◆ To do: Exactly as written, please repeat the data that follows, but not the pictures.

◆ Exercise data:
>>
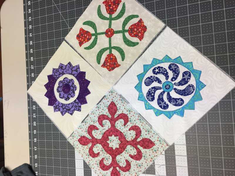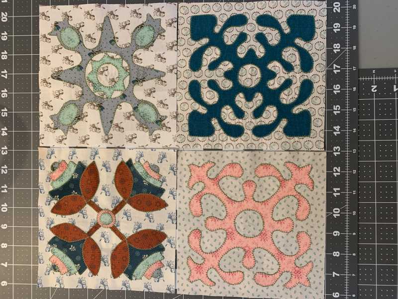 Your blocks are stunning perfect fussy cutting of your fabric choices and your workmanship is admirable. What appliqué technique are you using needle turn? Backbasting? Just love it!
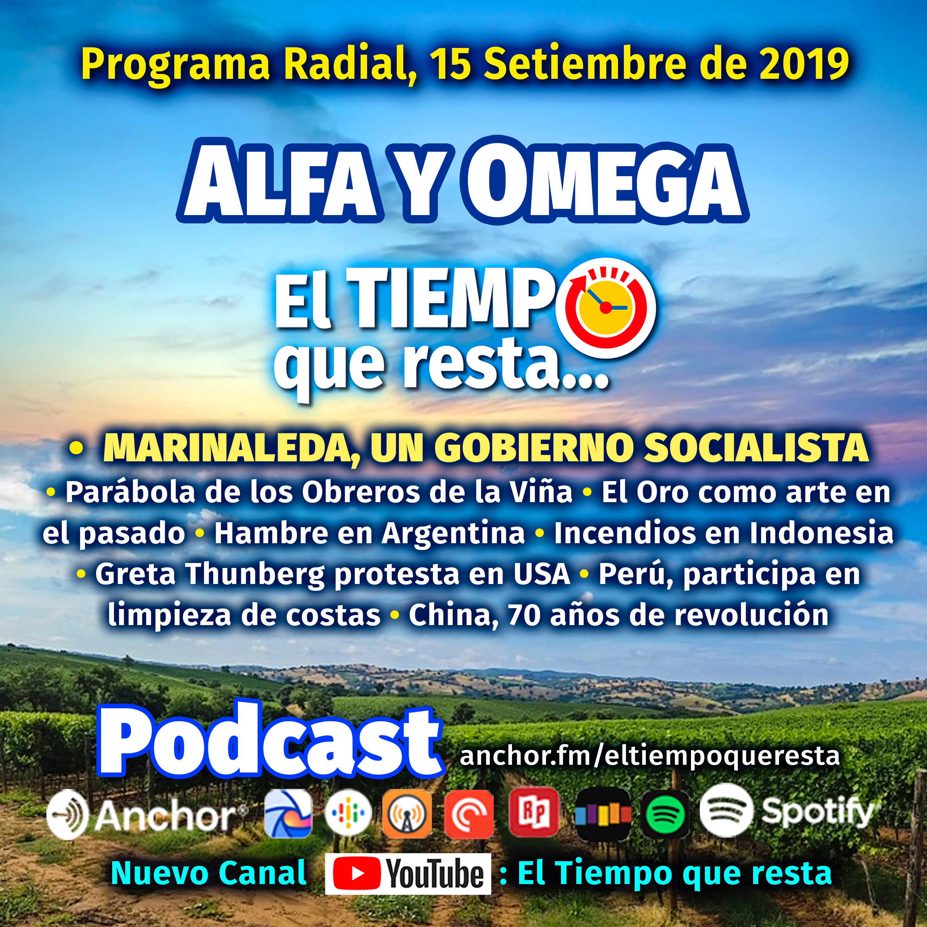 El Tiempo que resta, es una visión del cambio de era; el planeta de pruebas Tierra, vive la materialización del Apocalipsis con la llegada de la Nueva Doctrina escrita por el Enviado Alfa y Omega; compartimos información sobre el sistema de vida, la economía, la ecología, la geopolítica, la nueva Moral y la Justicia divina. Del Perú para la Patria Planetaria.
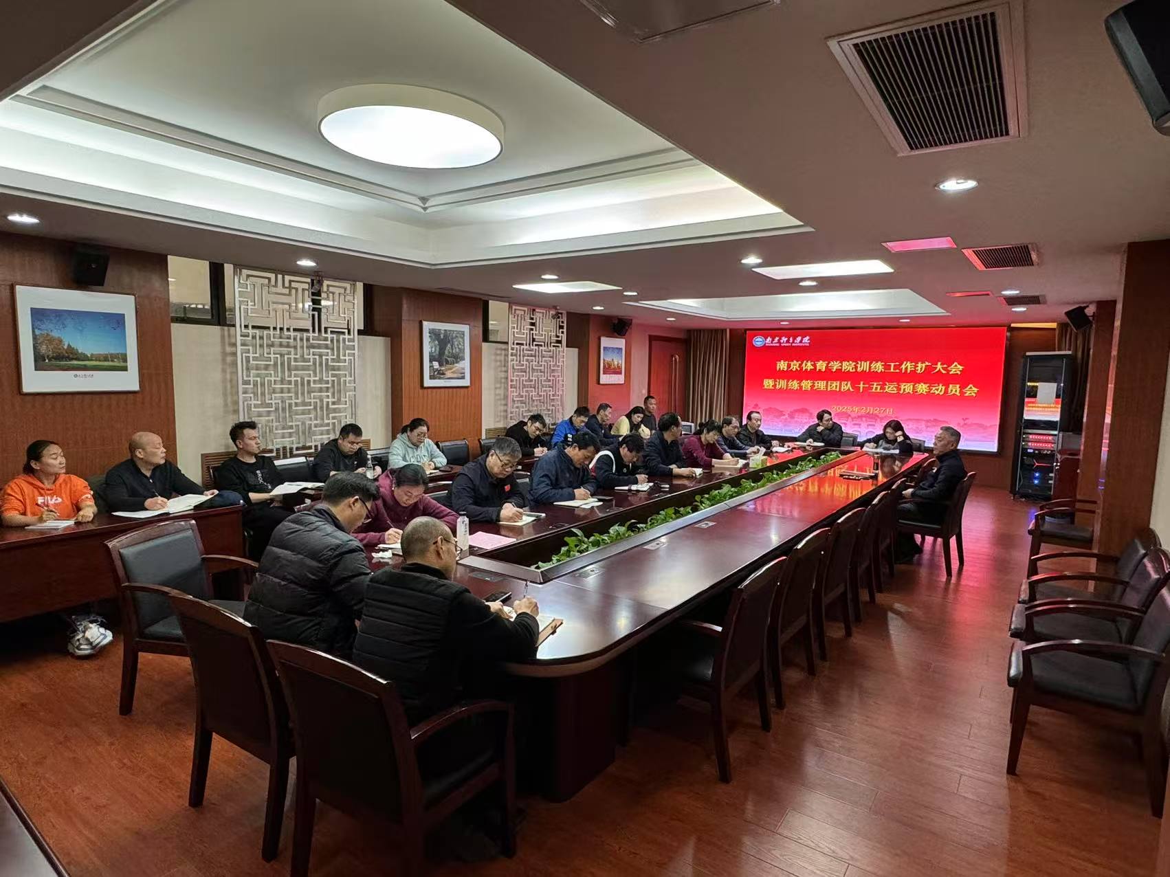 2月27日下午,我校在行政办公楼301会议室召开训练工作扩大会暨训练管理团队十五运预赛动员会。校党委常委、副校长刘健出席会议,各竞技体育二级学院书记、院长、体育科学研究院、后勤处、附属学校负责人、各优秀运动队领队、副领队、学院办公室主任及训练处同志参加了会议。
<<
◆ Solution to this problem:
 Your blocks are stunning perfect fussy cutting of your fabric choices and your workmanship is admirable. What appliqué technique are you using needle turn? Backbasting? Just love it!
 El Tiempo que resta, es una visión del cambio de era; el planeta de pruebas Tierra, vive la materialización del Apocalipsis con la llegada de la Nueva Doctrina escrita por el Enviado Alfa y Omega; compartimos información sobre el sistema de vida, la economía, la ecología, la geopolítica, la nueva Moral y la Justicia divina. Del Perú para la Patria Planetaria.
 2月27日下午,我校在行政办公楼301会议室召开训练工作扩大会暨训练管理团队十五运预赛动员会。校党委常委、副校长刘健出席会议,各竞技体育二级学院书记、院长、体育科学研究院、后勤处、附属学校负责人、各优秀运动队领队、副领队、学院办公室主任及训练处同志参加了会议。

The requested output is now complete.